Monday, Jul. 02, 1979

No Errors?

The Baptists and the Bible

As president of the nation's biggest Protestant group, the 13.2 million-member Southern Baptist Convention, Texas Pastor Jimmy Allen promoted a gargantuan vision of reaching the entire globe for Christ by A.D. 2000. So overwhelming is that task, said he, that "we don't have time nor need to debate the authority and accuracy of the Bible." But at this month's Houston convention, where tempers were as hot as the fiery furnace, the Baptists elected as Allen's successor a man who could not disagree more.

The new president is Adrian Rogers, 48, pastor of an 11,000-member Memphis church and uncompromising champion of biblical "inerrancy." The term means that the Bible's every word was God-inspired, so that as originally written the books were error-free in every detail. The standard summary of Southern Baptist verities, the 1925 "Baptist Faith and Message," declares that the Bible "has God for its author, salvation for its end, and truth, without any mixture of error, for its matter."

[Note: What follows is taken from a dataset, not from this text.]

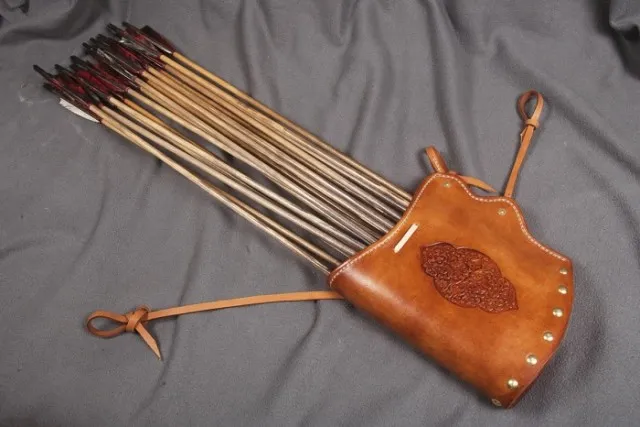 Существовали колчаны с расширенными прорезями. В таких могло помещаться до 40 стрел, однако важно понимать, что носить такое «богатство» становилось не слишком-то удобно. При этом уже упомянутые валлийские лучники часто носили стрелы не колчанами, а перевязями в сумках.

Even so, various Southern Baptist seminary professors have criticized the inerrancy theory and entertained the possibility that, for example, Adam and Eve might be symbols for primordial mankind rather than the first human beings.

That was bad enough, but conservatives also feared that questions about things like Adam and Eve would lead to loss of faith in biblical accounts of Jesus Christ. One author cites a 1976 survey at the seminary in Louisville in which nearly one-fourth of the students polled thought it was probably or definitely not true that Jesus walked on water or was virgin-born.

In 1973 the inerrancy militants organized the Baptist Faith and Message Fellowship to turn things around. Adrian Rogers was the group's most prominent founding father and served on its board until last month. Besides that, his Memphis church gives $36,000 a year to the adjacent Mid-America Baptist Seminary, established by those who think the six official Southern Baptist seminaries are soft on Scripture.

Rogers' victory is an example of organized grass-roots resistance to liberal trends in current religious thought and behavior. Conservatives campaigned in 15 states to draw the inerrancy voters to Houston. Rogers will enjoy wide influence and has indirect power over the appointment of seminary board members. He is already on record as being interested in the idea of investigating the seminaries and what they teach.